Malgré ces attaques, ces travailleuses ne reçoivent pas beaucoup de soutien. En effet, les autres partis politiques refusent de défendre publiquement ces femmes afin d’éviter de perdre des potentiels électeurs et les mouvements féministes n’écoutent pas les demandes de ces dernières considérant la prostitution en tant que forme d’exploitation. En 2016, la Tunisie adopte la loi organique n°2016-61 relative à la prévention et la lutte contre la traite des personnes. Cette loi « vise à prévenir toutes formes d’exploitation ». Il fait notamment référence à la lutte contre « l’exploitation de la prostitution d’autrui ou d’autres formes d’exploitation sexuelle ». Ainsi, bien que ce texte semble destiné à réprimer la prostitution « clandestine », nombreux seraient ceux qui s’appuieraient sur cette loi pour demander la fermeture définitive de tous les bordels « légaux ».

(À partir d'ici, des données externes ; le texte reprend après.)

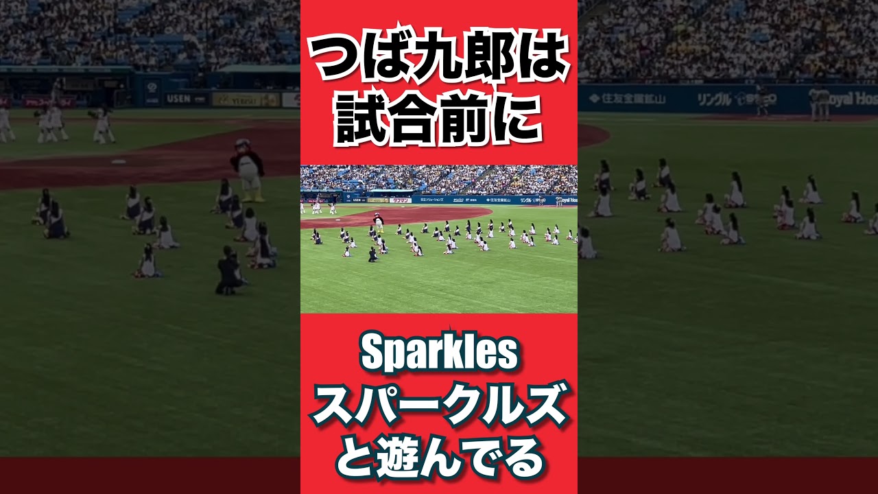 つば九郎総裁は試合前にsparkles(スパークルズ)と遊ばれているそうです。付き合ってくれてありがとうね😊 #swallows #ヤクルト #スワローズ #ヤり返せ #sparkles #神宮球場
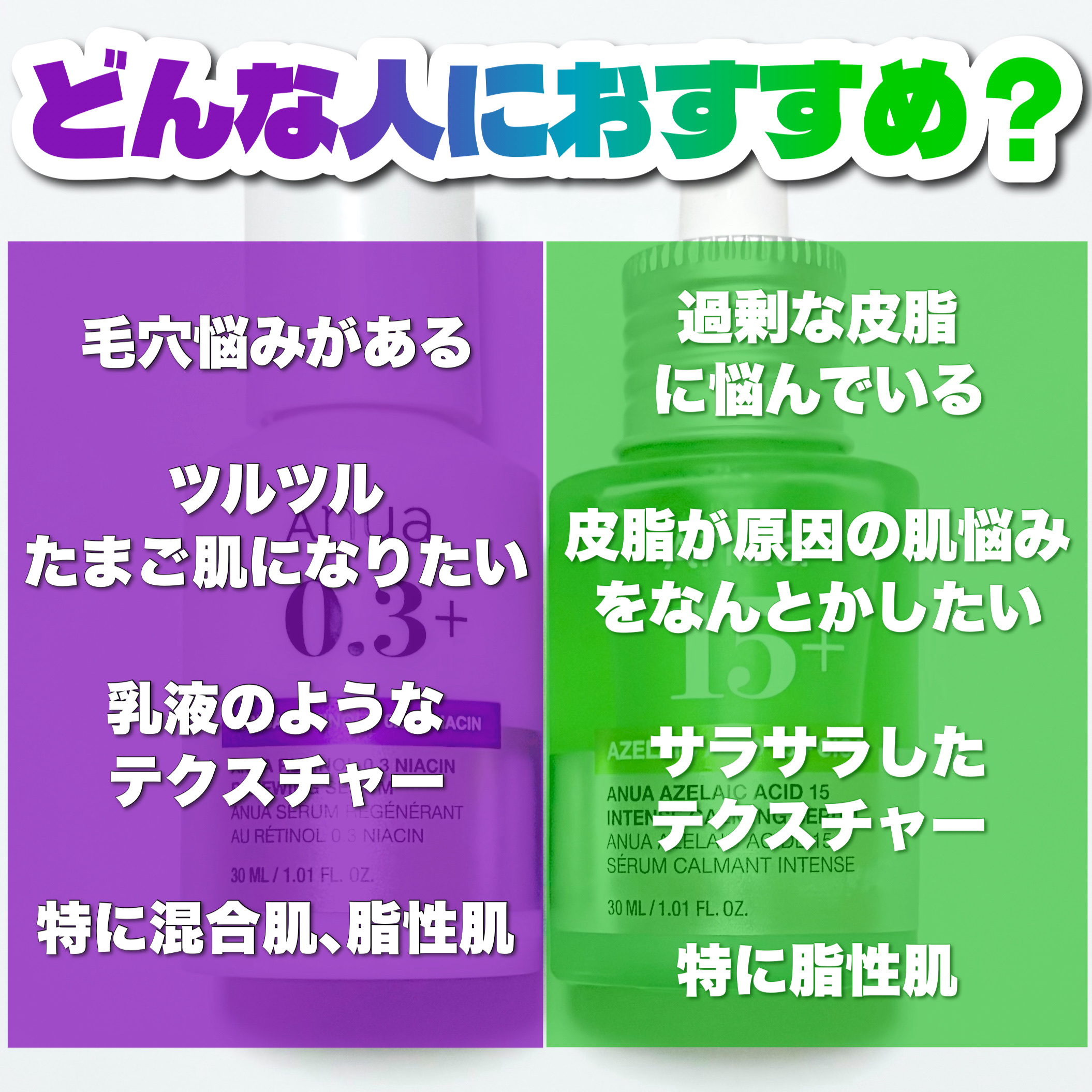 【徹底比較】アヌアの美容液どれがいいの?【Anua】レチノール0.3ナイアシンリニューイングセラム容量:30ml価格:3200円ダークスポットセラム容量:30ml価格:2800円アゼライン酸15インテンスカーミングセラム容量:30ml価格:2...

Mobilisation pour la défense et la conservation de ce métier
Depuis la révolution du 14 janvier 2011, beaucoup constatent la lente disparition de ce métier. Ainsi, ils ne restent plus que deux lieux de prostitution « légale » dans les villes de Tunis (10 maisons closes dans l’impasse Sidi Abdallah Guech) et de Sfax (seulement 15 prostituées dans un seul bordel). Ces fermetures obligent les prostituées à devoir exercer dans la clandestinité, les exposant aussi bien à des risques en termes de violence que des risques sanitaires. Néanmoins, des voix s’élèvent pour dénoncer cette politique d’éradication.
Les travailleuses du sexe tunisiennes ont décidé de prendre la parole elles-mêmes et de manifester pour défendre leur profession. Ainsi, elles « revendiquent le droit de travailler dans les mêmes conditions qu’avant : protégées, soignées et surveillées par le ministère ». C’est notamment dans la ville de Sousse, que ces dernières ont protesté contre la fermeture de leur maison close suite aux pressions d’acteurs salafistes. Cette décision les a obligés à se mettre au chômage sans plus de ressources. Ainsi, elles ont choisi de porter l’affaire devant le tribunal administratif et ont porté plainte contre le ministère de l’Intérieur. Le 11 mars 2014 certaines d’entre elles sont venues manifester leur mécontent devant le siège de l’Assemblée Nationale Constituante (le parlement tunisien).
D’autres acteurs appuient aussi ces revendications. Le docteur Abdelmajid Zahaf, un médecin de Sfax qui a connu et soignée ces prostituées, craint pour la fin de la prostitution « légale », qu’il considère comme étant le seul système qui leur garantit « d’être payées, un toit sur la tête, et de ne pas être victimes de violence ». La directrice d’une des maisons closes de Tunis redoute l’impact néfaste d’une éventuelle fermeture sur les clients de ces lieux. Elle considère que la prostitution permet de pallier la frustration sexuelle au sein de la population et de limiter le risque « d’agressions sexuelles, d’incestes, voire de meurtres ». Cette position est partagée par un artiste habitué des bordels de Tunis qui considère qu’il est indispensable de conserver « des espaces régulateurs pour endiguer les pulsions ». Ainsi, en dépit de sa mauvaise réputation, le métier de prostituée semble aussi être reconnu par certains comme une activité d’« utilité publique ».
Image : Shereen El Feki est l’auteur de Sex and the Citadel : Intimate Life in a Changing Arab World et écrit pour BBC Arabic. 2019, BBC.